Okay Kaya ve benliğin alternatif bir versiyonu

Kaya Wilkins, ya da sahne adıyla Okay Kaya, üçüncü stüdyo albümü SAP için geri sayım fitilini yaktı. Jagjaguwar aracılığıyla 4 Kasım’da yayımlanacak albümün ilk şarkısı “Spinal Tap”, Austin Lee ortaklığıyla hazırlanmış sürreal animasyon klip ile yayımlandı!

Norveç asıllı Amerikalı müzisyen Okay Kaya, şarkı yazmaya folk çizgisini izleyen özgün akustik tınılarla başladı. Yıllar içinde daha çeşitli ve ayrıksı seslerin peşine düşmeyi alışkanlık edindi. “Spinal Tap” bu kovalamacada bizi suyun altına götürüyor ve minik bir monolog ile başlıyor: “Her şey suyun altındaydı. Buz gibi değil; katı bir su gibi.”

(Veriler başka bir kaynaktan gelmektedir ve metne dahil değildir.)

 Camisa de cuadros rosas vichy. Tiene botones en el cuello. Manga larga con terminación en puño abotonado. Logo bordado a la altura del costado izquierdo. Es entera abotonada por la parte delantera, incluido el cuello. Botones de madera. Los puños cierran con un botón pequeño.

Okay Kaya, Berlin’de dolaşırken bulduğu ilhamla yazdığı yeni şarkısını “küçük, komik hayatına sığdırabileceği kadar soyut bir resim” olarak nitelendiriyor. Şarkıyı yazma sebebi ise beynin opak bir levhadan ibaret olmadığını vurgulamak. Bilimsel bir makaleden öğrendiği, sözlerde de bahsi geçen, omurilik sıvısının yol açtığı nörolojik hareketlenmeler müzisyeni heyecanlandırmış. Okay Kaya, bu bilimsel farkındalığı, yalnızca melodilerle değil görsellikle de kompoze etmek istiyor. Minyatür canlandırmalarla dolu animasyon klibi de bu noktada devreye giriyor. 

Müzisyen, gelişmenin olağan sonucu olarak zaman zaman tarzını değiştirse de en başından beri müziğini yalnız bırakmadı ve görsel anlatılarında  hep çeşitlemelere gitti. “Yazma sürecim genellikle kelimeler yerine görüntülerle başlar” diyor Kaya. Yeni albümünü ise bir benlik alternatifi olarak yorumluyor: “Austin’in çok derin bir görsel duyarlılığı var. Birçok çizimimi birlikte tercüme ettik. Benliğin alternatif bir versiyonu olan SAP’yi geliştirdik.” 

Brooklyn’de Gaia Studios‘taki buluşmalarla temeli atılan SAP için pırıl pırıl isimlerin yer aldığı bir künye oluşturulmuş: Nick Hakim, Deem Spencer, Taja Cheek (L’Rain), Adam Green (The Moldy Peaches), Farao ve daha onlarcası… Son olarak 2020’de yayımladığı Watch This Liquid Pour Itself ile sıra dışı, dingin bir senfoni yaratmıştı Okay Kaya. “Spinal Tap” ile anlıyoruz ki daha katmanlı bir ses evrenine dalacağız.